Четверг 10 апреля. Сегодня в 1-й раз ходил босиком. Вдруг наступило лето, и тянет от книги, от мыслей, от работы в сад. Это очень неприятно, и я хочу хоть привязать себя к столу, а не сдаться. Нужно же воспользоваться тем, что вдруг наступил просвет. Я каждую ночь сплю — в течение месяца — без опия, без веронала и брома. Ведь два года я был полуидиотом, и только притворялся, что пишу и выражаю какие-то мысли, а на деле выжимал из вялого, сонного, бескровного мозга какие-то лживые мыслишки! Вчера я был у И. Е.— и, несмотря на шум и гам, прекрасно после этого спал, чего со мной никогда не бывает. Утром, позанявшись «по Некрасову», я пошел на станцию. Забрел к Брусянину, добыл книги «футуристов», иду назад. На станции говорят: «К вам поехали господин и дама!» Бегу, а потом не торопясь и с прохладцей иду домой (вместе с Юрием Репиным, который вежлив со мною, как китаец); у наших ворот вижу даму и дрожки.
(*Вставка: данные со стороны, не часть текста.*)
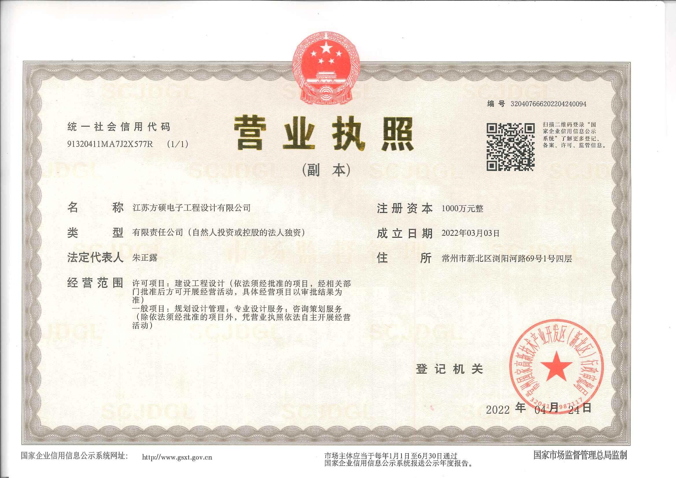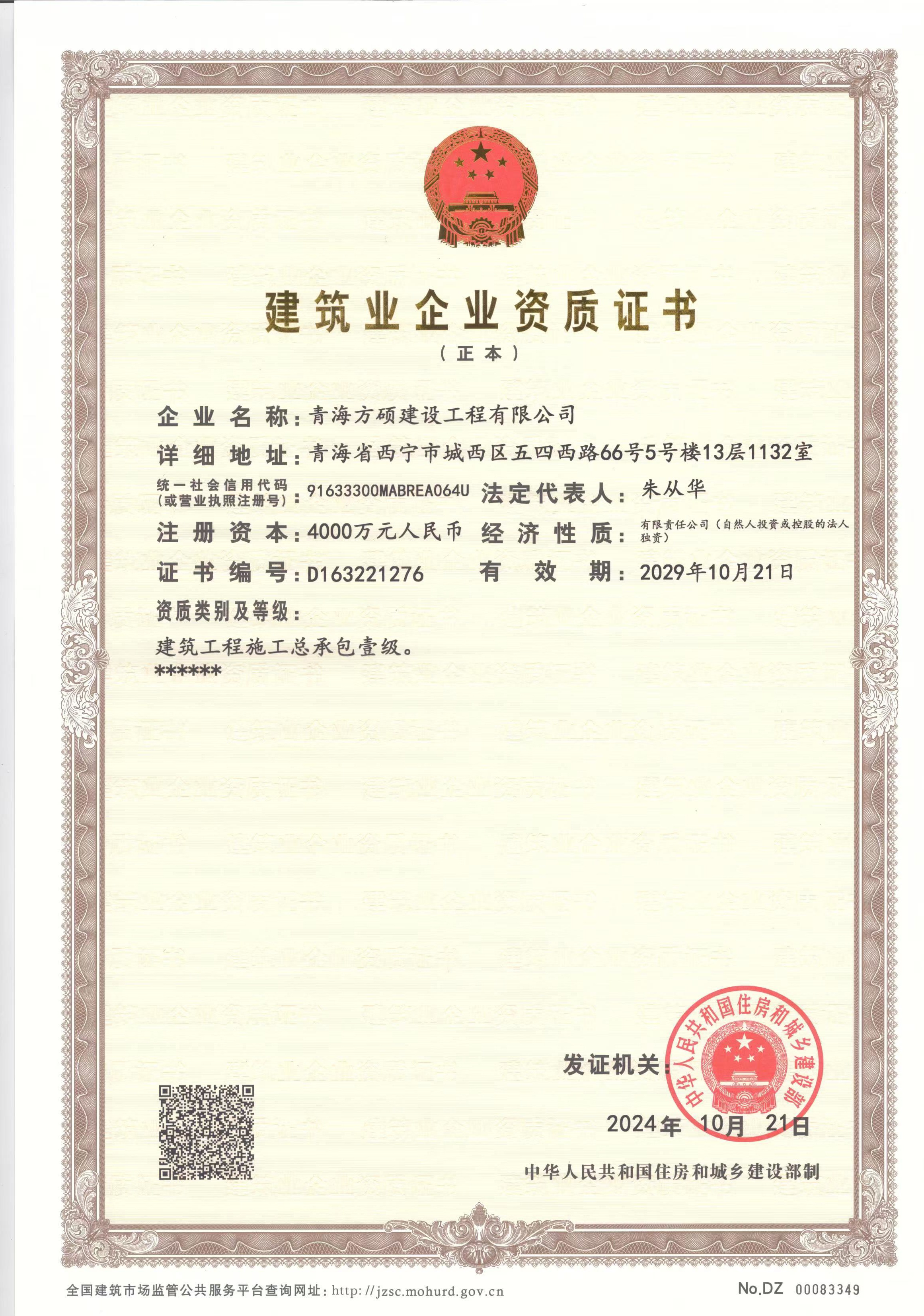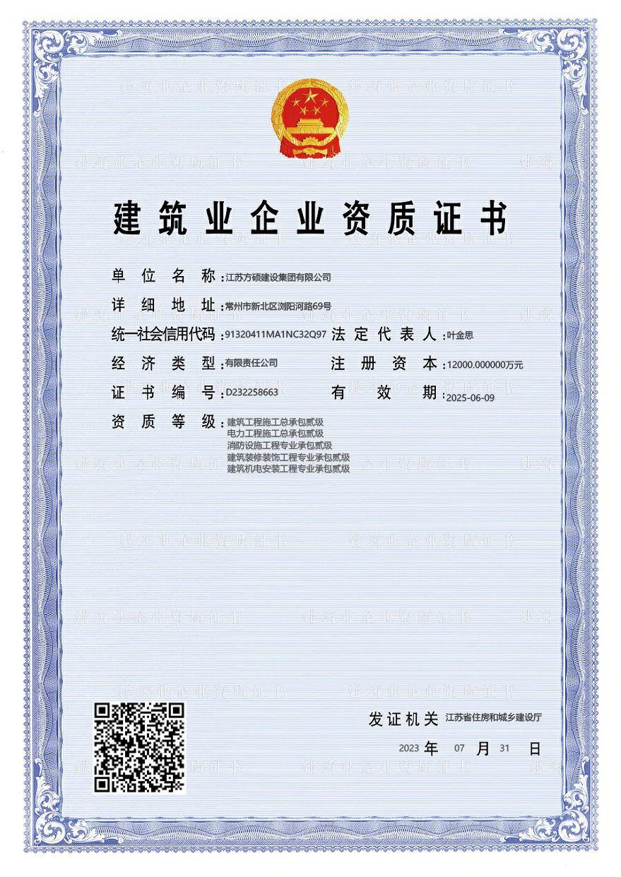 母公司江蘇方碩建設(shè)集團(tuán)有限公司成立于2017年1月,注冊(cè)資本12000萬(wàn)元,坐落于江蘇省常州市新北區(qū)光伏產(chǎn)業(yè)園區(qū)瀏陽(yáng)河路69號(hào);青海方碩建設(shè)工程有限公司成立于2022年7月,注冊(cè)資本4000萬(wàn)元,坐落于青海省西寧市城西區(qū)五四西路66號(hào)5號(hào)樓13層1132室;江蘇方碩電子工程設(shè)計(jì)有限公司成立于2022年3月,注冊(cè)資本1000萬(wàn)元,坐落于江蘇省常州市新北區(qū)高新科技園10號(hào)樓東樓301-2。至2023年底,集團(tuán)總資產(chǎn)已達(dá)12億,已具備建筑工程施工,建筑機(jī)電安裝,建筑裝修裝飾、電力工程施工、新能源電站建設(shè)、儲(chǔ)能電站建設(shè)消防設(shè)施工程、環(huán)保工程、防水防腐保溫工程、地基基礎(chǔ)工程,城市及道路照明工程,市政公用工程,輸變電工程等施工資質(zhì),同時(shí),母公司于2021年通過(guò)了ISO9001:2015質(zhì)量管理體系、IS014001:2015環(huán)境管理體系、IS045001:2018職業(yè)健康安全管理體系的認(rèn)證。

Бегу к даме, уверенный, что это жена Вл. Абр. Полякова,— а это Женни Штембер, пианистка, к-рая меня ненавидит. Я с размаху дал ей руку по ошибке — и потом, чтобы выйти из положения, сказал неск. примирительных слов — и она посетила нас, а потом мы пошли к И. Е. Репину. Женни играла — Бетховена — как машина без выражения — и Репин, который любит музыку,— тонко ей это заметил. Она не поняла.
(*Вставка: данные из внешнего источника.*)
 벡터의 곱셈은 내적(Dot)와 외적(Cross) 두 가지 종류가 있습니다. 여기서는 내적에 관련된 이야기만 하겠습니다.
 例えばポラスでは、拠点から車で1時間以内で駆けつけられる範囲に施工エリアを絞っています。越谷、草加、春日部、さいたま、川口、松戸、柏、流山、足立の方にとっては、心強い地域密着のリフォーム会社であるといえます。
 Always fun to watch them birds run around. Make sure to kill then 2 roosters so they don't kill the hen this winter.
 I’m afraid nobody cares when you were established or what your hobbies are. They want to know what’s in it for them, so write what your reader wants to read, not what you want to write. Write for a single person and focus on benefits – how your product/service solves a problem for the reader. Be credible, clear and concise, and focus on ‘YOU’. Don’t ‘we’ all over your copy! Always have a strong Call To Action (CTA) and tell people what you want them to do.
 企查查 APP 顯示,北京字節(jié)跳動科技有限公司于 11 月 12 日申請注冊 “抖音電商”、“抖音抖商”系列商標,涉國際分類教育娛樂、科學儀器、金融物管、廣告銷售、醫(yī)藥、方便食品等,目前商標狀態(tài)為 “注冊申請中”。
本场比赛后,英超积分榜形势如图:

Были: Н. Д. Ермаков, к-рый буффонил за обедом и чаем и в саду — по-армейски, самодовольно, однообразно. Это ловкий малый, он приезжает к И. Е. «за покупочками». Пошушукается где-ниб. в уголку и великолепный рисуночек выцарапает за 15—20 рублей. Ухаживает за И. Е. очень, возит его в Мариинск. Театр, и хотя И. Е. говорит иногда, что Ермаков «такая посредственность, ничтожество», но искренно к нему привязан. Была m-me Розо — полька. <...> Потом был художник И. И. Бродский. <...> Добр. Говорит только о себе и любит рассказывать, за сколько продал какую картину. Были за столом дворник, горничная и кухарка — но Наталье Борисовне не перед кем было вчера разыгрывать демократку — и они пребыли в тени. <...>
Вечер был ничем не замечателен. Мне только понравилось, чтó И. Е. сказал о крупном репинском холсте: — Терпеть не могу! дрянь такая! вот мерзость! Я раз зашел в лавку, мне говорят: не угодно ли репинский холст,— я говорю: к черту!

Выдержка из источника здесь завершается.